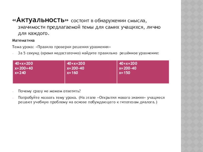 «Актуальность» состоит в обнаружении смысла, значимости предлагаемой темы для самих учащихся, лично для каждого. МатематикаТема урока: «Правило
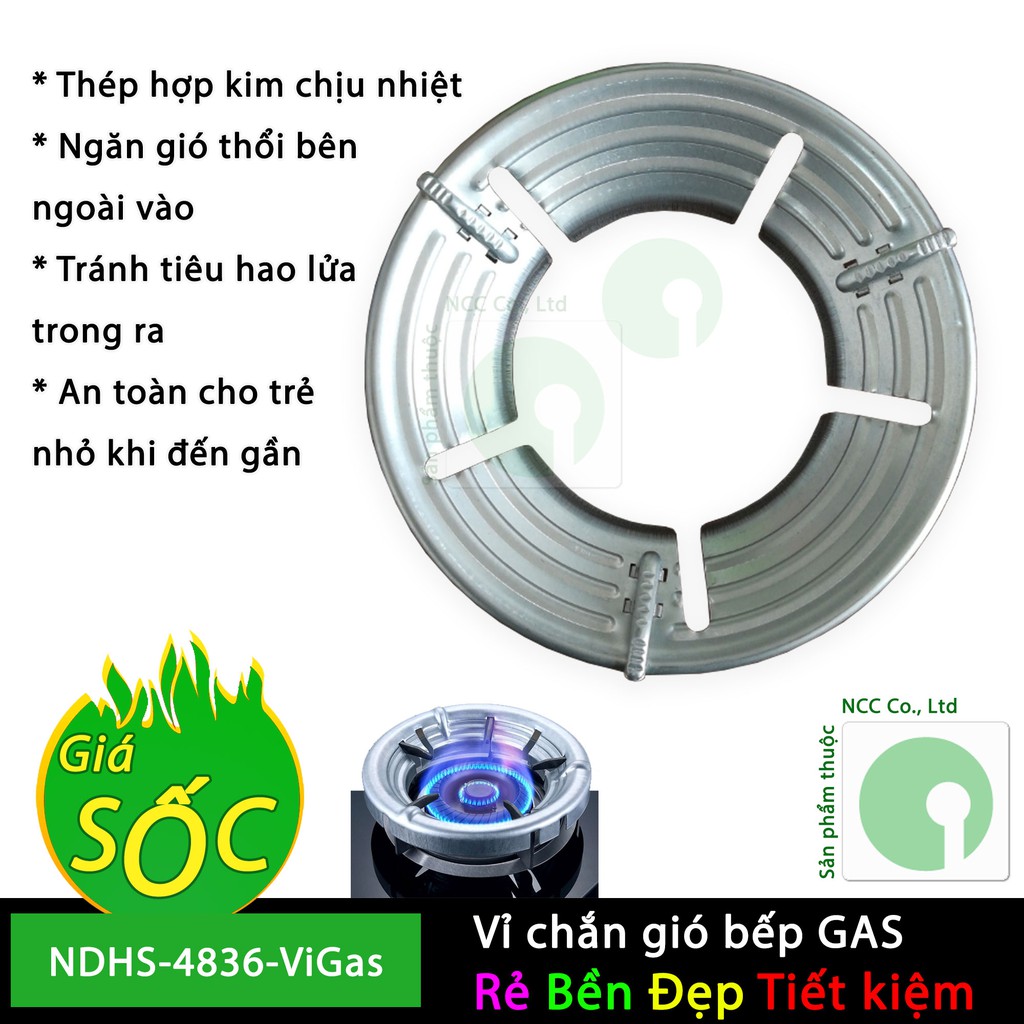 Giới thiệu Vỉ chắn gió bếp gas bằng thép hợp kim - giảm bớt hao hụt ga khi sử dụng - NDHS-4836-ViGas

____

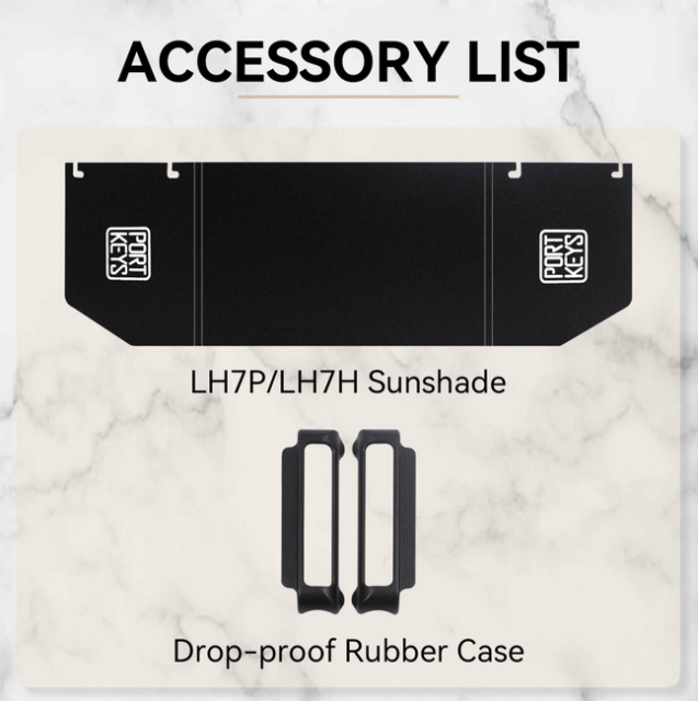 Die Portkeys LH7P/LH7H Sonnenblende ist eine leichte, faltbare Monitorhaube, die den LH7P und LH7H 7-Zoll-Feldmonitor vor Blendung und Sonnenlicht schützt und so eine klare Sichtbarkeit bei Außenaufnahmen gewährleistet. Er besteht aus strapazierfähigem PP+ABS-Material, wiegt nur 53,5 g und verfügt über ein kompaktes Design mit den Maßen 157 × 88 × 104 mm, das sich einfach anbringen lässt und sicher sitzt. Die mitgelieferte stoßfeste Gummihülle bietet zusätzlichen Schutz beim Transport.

____

*Task brief*. Only one part of the listing is wanted: the lines from the one containing "состоит в обнаружении" through the one containing "Giới thiệu Vỉ", both included. Please transcribe it exactly, leaving out the pictures.

*Exercise output*.
 «Актуальность» состоит в обнаружении смысла, значимости предлагаемой темы для самих учащихся, лично для каждого. МатематикаТема урока: «Правило
 Giới thiệu Vỉ chắn gió bếp gas bằng thép hợp kim - giảm bớt hao hụt ga khi sử dụng - NDHS-4836-ViGas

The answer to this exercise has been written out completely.